Microstructures and Piezoelectric Properties of Microwave-Sintered Pb(Mn1/3Nb2/3)0.1Zr0.52Ti0.38O3 Ceramics

Abstract

In this work, we study the microstructural modifications and the electrical properties of Pb(Mn1/3Nb2/3)0.1Zr0.52Ti0.38O3 + 1.5 wt% PbO (PMNZT) ceramics processed using microwave sintering (MS) and conventional sintering (CS) techniques. Dielectric and piezoelectric properties were evaluated via an impedance/gain phase analyzer and the corresponding microstructures were examined using transmission electron microscopy (TEM). The experimental results imply that smaller grain size and less loss of PbO obtained for specimens using MS process.
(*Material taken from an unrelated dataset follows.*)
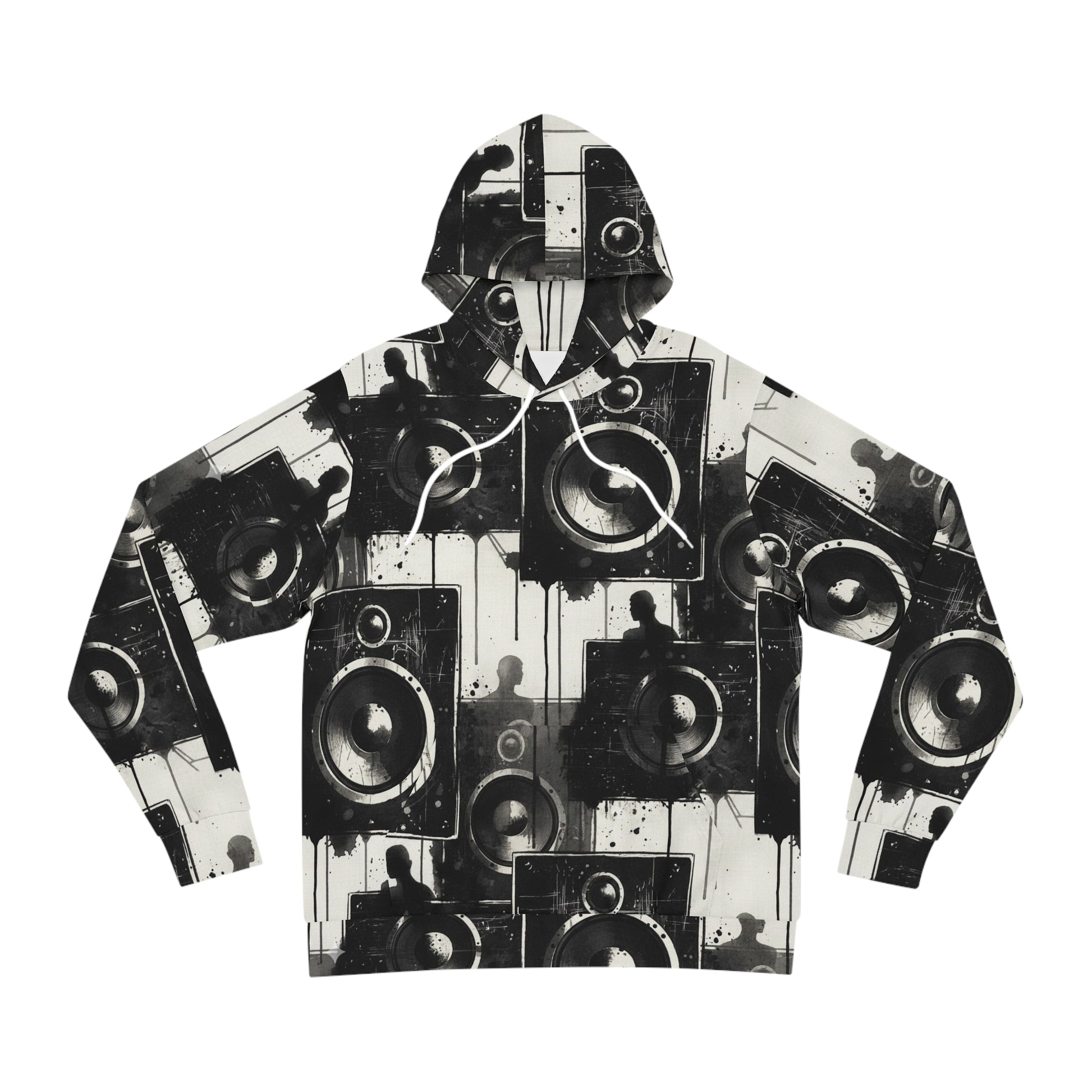 This hoodie speaks in basslines and midnight runs. A monochrome collage of stacked speakers and shadowed silhouettes wraps the whole garment for an all-over vibe that reads like a mixtape cover. Slip it on and you feel the room tighten around a beat: close, raw, alive. The hood sits low when you want to disappear into the music; the kangaroo pocket holds your phone and your hands between sets. Built from a sturdy, slightly heavy fabric that prints with crisp contrast, it wears well through late nights, street sets, and slow Sundays spent digging for records. This is for people who live for sound — DJ crates, underground shows, late-night studio sessions — and want clothing that carries that energy without shouting. It pairs cleanly with worn denim, high-tops, or layered under a long coat for winter shows and urban nights out.

The MS specimens (1200°C-15 min) show the remanent polarization (Pr) of 24.1 μC/cm2, coercive field (Ec) of 15.2 kV/cm, dielectric constants (ϵr) of 432 and electromechanical coupling coefficient (kp) of 0.47, which are superior to CS specimens (1200°C-2 h) with Pr = 19.5 μC/cm2, Ec = 16.1 kV/cm, ϵr = 395 and kp = 0.45. The results revealed that the MS process shows capability of fabrication of good quality PMNZT ceramics with advantages of lowing process temperature and shorten process time. TEM investigations of MS specimens show that smaller grain size and simpler domain arrangements exist inside the specimens. From the energy aspect, the domain structure in piezoelectric ceramics below the temperature of a ferroelectric structural phase transformation is a result of energy minimization. Homogeneous elastic strain energy is reduced at the expense of domain boundary energy during the phase transformation. Density of domain boundaries, 71° (109°) domains in particular, depends on and increases with the grain size. Base on the above argument, therefore, CS specimens exhibit more complicated domain arrangements because they possess larger grain size than MS specimens do. The microstructural investigations suggest that the electrical property difference is intimately related to different sintering methods since the complicated domain arrangements could hinder domain moving and deteriorate electrical performance. In addition, the microstructural characteristics in both MS and CS specimens will be discussed further in the context.